◆ Problem details
Every entry below should appear in the answer exactly as written, apart from the pictures.

Source data
========
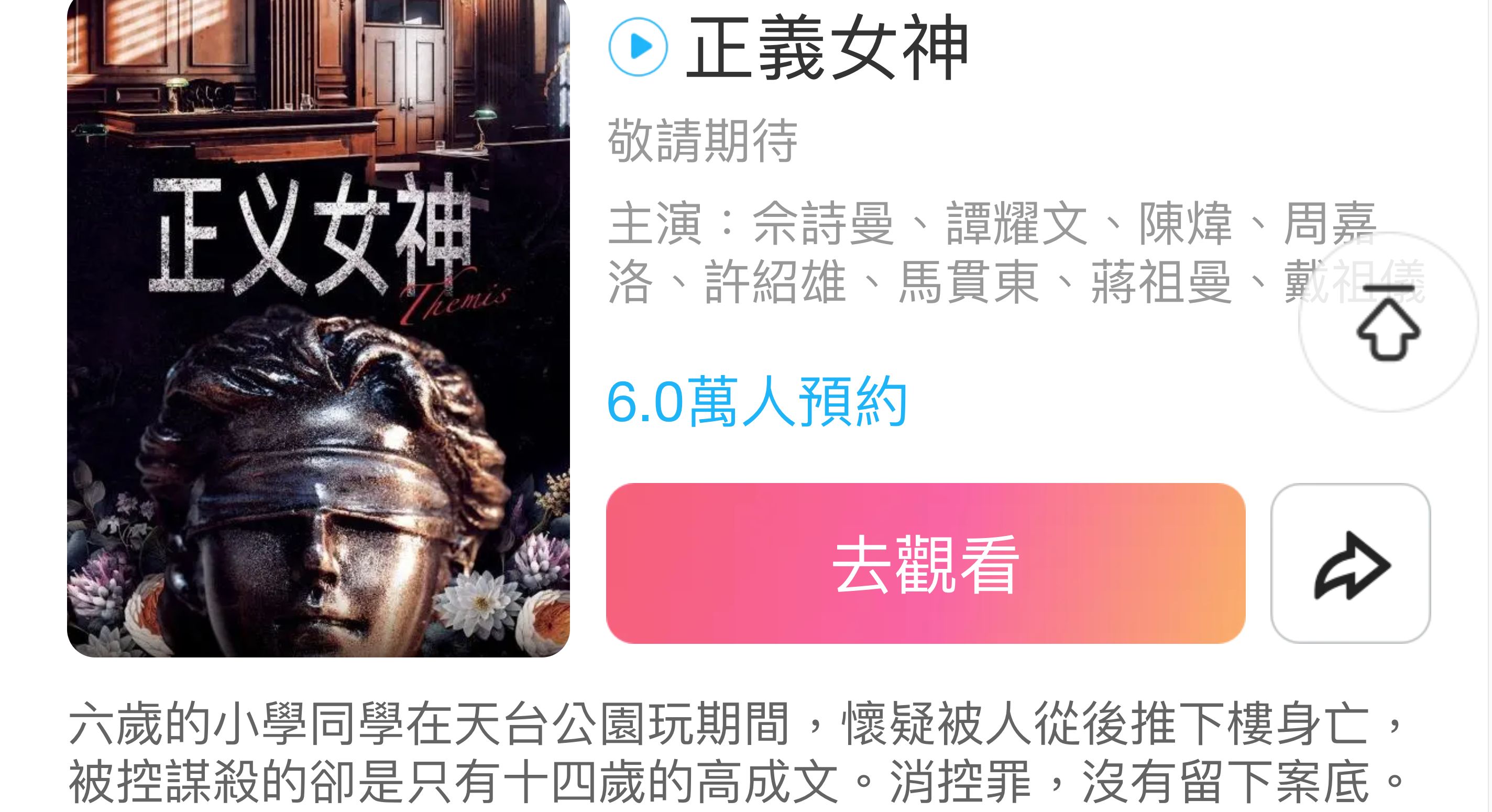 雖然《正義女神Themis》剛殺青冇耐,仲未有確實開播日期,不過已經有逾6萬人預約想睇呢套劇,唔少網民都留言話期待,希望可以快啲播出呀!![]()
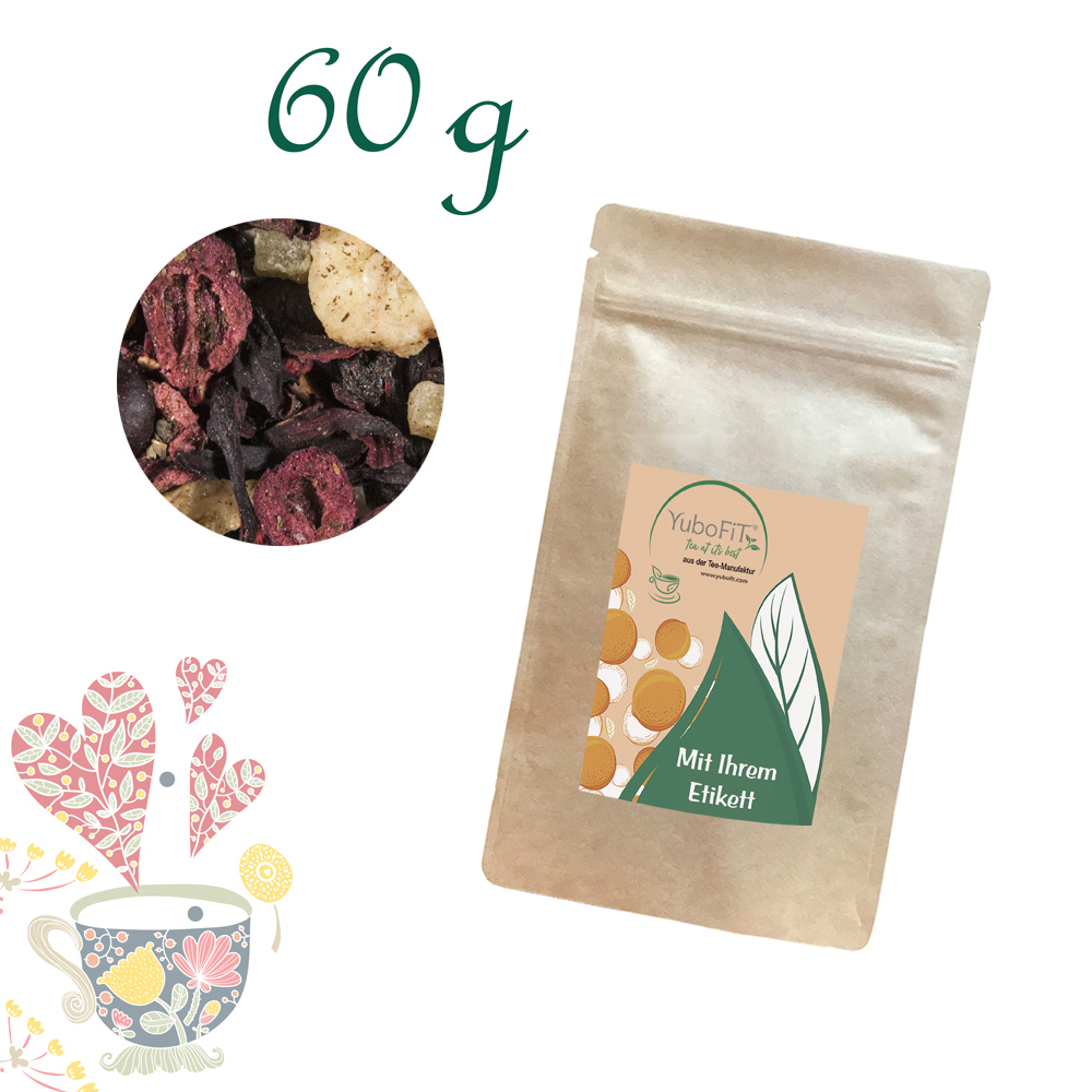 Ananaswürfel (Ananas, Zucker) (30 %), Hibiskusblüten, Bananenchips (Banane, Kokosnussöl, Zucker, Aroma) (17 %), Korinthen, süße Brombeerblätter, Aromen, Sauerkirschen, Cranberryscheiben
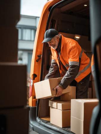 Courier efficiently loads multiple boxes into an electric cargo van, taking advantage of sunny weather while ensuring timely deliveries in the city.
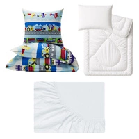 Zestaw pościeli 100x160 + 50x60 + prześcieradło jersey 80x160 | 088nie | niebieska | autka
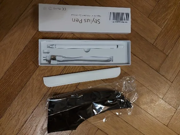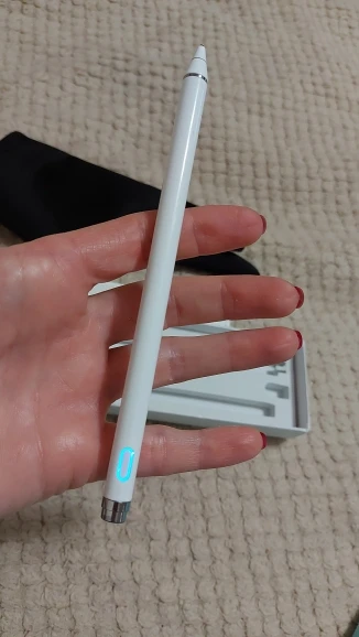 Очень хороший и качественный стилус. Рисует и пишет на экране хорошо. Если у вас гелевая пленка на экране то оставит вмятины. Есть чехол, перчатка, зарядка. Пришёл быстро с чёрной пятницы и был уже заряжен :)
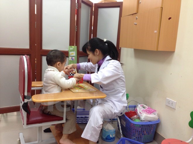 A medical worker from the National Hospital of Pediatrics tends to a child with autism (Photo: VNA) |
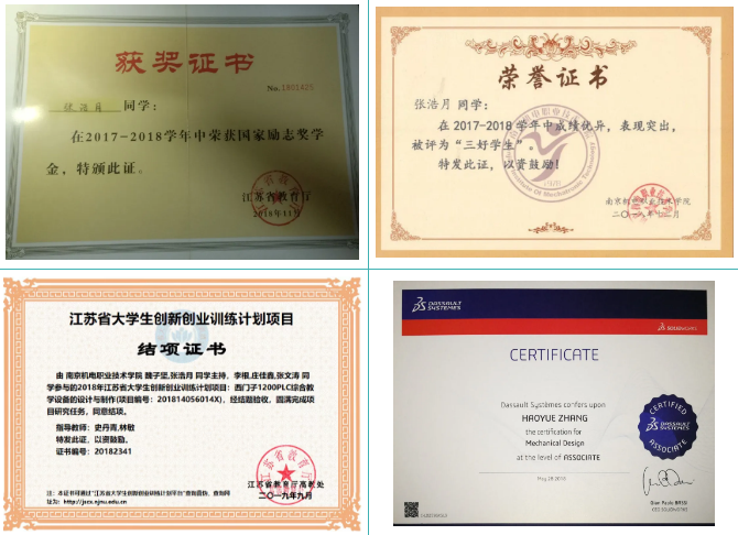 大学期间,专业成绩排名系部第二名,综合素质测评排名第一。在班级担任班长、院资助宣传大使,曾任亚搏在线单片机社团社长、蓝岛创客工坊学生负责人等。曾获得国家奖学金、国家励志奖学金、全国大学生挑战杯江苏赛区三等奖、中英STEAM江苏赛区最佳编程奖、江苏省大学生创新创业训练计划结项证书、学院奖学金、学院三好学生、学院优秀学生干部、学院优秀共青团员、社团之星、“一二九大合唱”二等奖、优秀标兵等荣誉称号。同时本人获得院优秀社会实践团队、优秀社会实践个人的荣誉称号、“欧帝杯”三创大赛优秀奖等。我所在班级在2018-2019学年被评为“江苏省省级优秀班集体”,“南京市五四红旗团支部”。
========
◆ Response
 雖然《正義女神Themis》剛殺青冇耐,仲未有確實開播日期,不過已經有逾6萬人預約想睇呢套劇,唔少網民都留言話期待,希望可以快啲播出呀!![]()
 Ananaswürfel (Ananas, Zucker) (30 %), Hibiskusblüten, Bananenchips (Banane, Kokosnussöl, Zucker, Aroma) (17 %), Korinthen, süße Brombeerblätter, Aromen, Sauerkirschen, Cranberryscheiben
 Courier efficiently loads multiple boxes into an electric cargo van, taking advantage of sunny weather while ensuring timely deliveries in the city.
 Zestaw pościeli 100x160 + 50x60 + prześcieradło jersey 80x160 | 088nie | niebieska | autka
 Очень хороший и качественный стилус. Рисует и пишет на экране хорошо. Если у вас гелевая пленка на экране то оставит вмятины. Есть чехол, перчатка, зарядка. Пришёл быстро с чёрной пятницы и был уже заряжен :)
 A medical worker from the National Hospital of Pediatrics tends to a child with autism (Photo: VNA) |
 大学期间,专业成绩排名系部第二名,综合素质测评排名第一。在班级担任班长、院资助宣传大使,曾任亚搏在线单片机社团社长、蓝岛创客工坊学生负责人等。曾获得国家奖学金、国家励志奖学金、全国大学生挑战杯江苏赛区三等奖、中英STEAM江苏赛区最佳编程奖、江苏省大学生创新创业训练计划结项证书、学院奖学金、学院三好学生、学院优秀学生干部、学院优秀共青团员、社团之星、“一二九大合唱”二等奖、优秀标兵等荣誉称号。同时本人获得院优秀社会实践团队、优秀社会实践个人的荣誉称号、“欧帝杯”三创大赛优秀奖等。我所在班级在2018-2019学年被评为“江苏省省级优秀班集体”,“南京市五四红旗团支部”。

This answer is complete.